Over the last couple of years, several mainstream financial entities, such as banks, hedge funds, and others, have entered the crypto bandwagon via Bitcoin (BTC), while 2021 has seen an increasing number of these companies exploring the realm of digital assets using Polkadot (DOT).
In this regard, a report by blockchain analytics firm Messari revealed that 21 of the world’s 53 most prominent fund managers actively invested in Polkadot (DOT) last year, making it one of the most sought-after assets, followed by other DeFi/alt tokens such as Near Protocol (NEAR), Terra (LUNA).
One of the core reasons behind Polkadot’s growing dominance is the fact that the platform lays a high degree of importance on cross-chain interoperability, an aspect of crypto-tech that most experts believe will continue to define the future of the crypto ecosystem.

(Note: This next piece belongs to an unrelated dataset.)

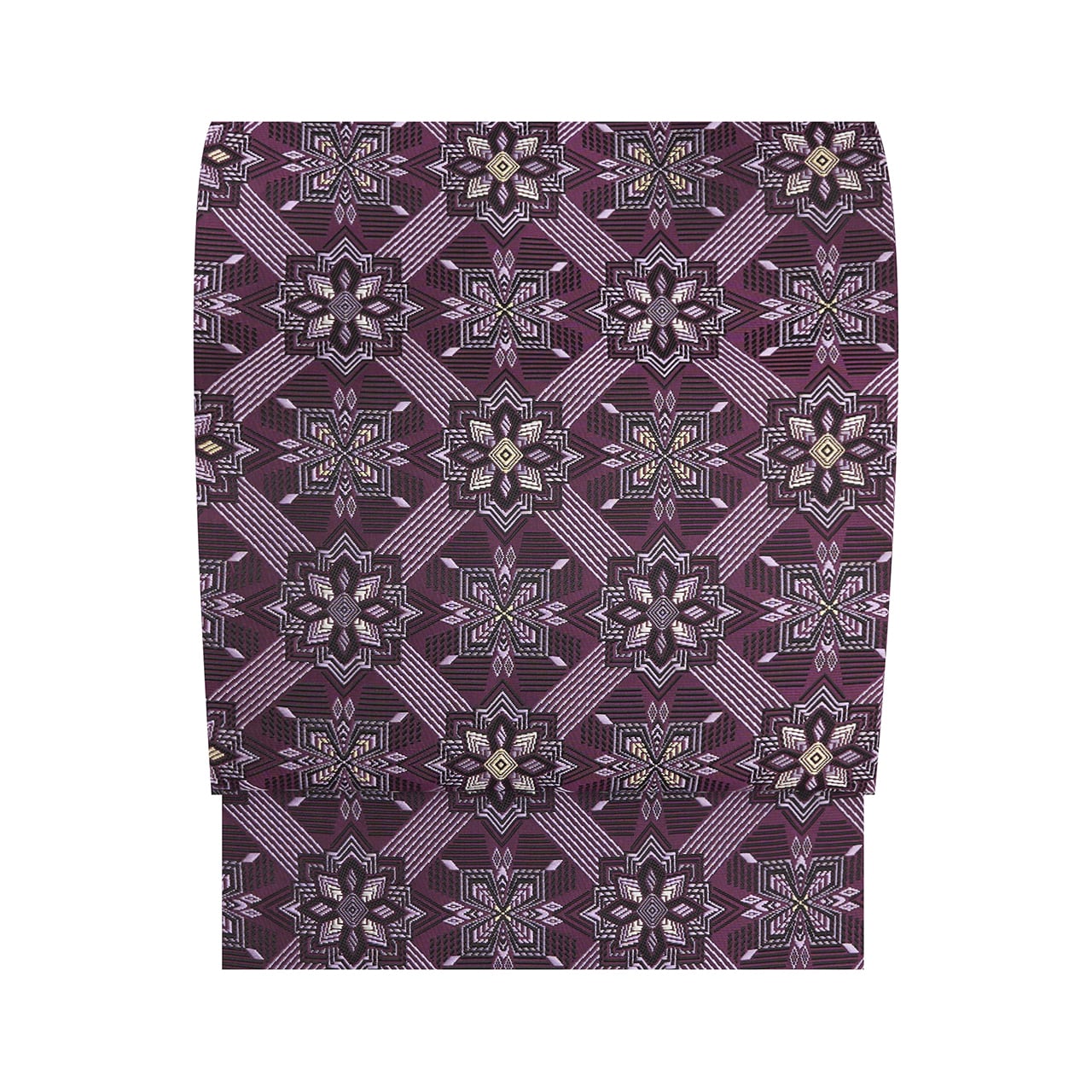 しなやかな質感に織られた紫紺色の赤味のある紫の地に、半色の淡い藤色の細縞の集合で斜め格子が取られ、それが交差するところには多角形の星型のような、メダリオンの中心のような模様が織り出され、格子の中にはまた違った形の4枚の花びらのような星型の模様が織り込まれた、キリッとしたシャープな印象の八寸名古屋帯です。

In terms of Polkadot’s native operational design, the project makes use of a unique concept referred to as Parachains, which allows it to support multiple layer-1 blockchains running in conjunction with its central chain.
The setup is able to mitigate many of the transactional congestions being faced by prominent projects such as Ethereum, whose gas fee rates have continued to remain quite steep at around $40 on average despite the platform undergoing a number of upgrades over the past year, especially Ethereum Improvement Proposal (EIP) 1559 that was implement along with London hard fork back in August 2021.
Not only that, with the delay in the implementation of Ethereum 2.0, the ecosystem is only able to process around 30 transactions per second (TPS) in its current iteration, which is substantially lower than Polkadot’s current running capacity of 170 TPS.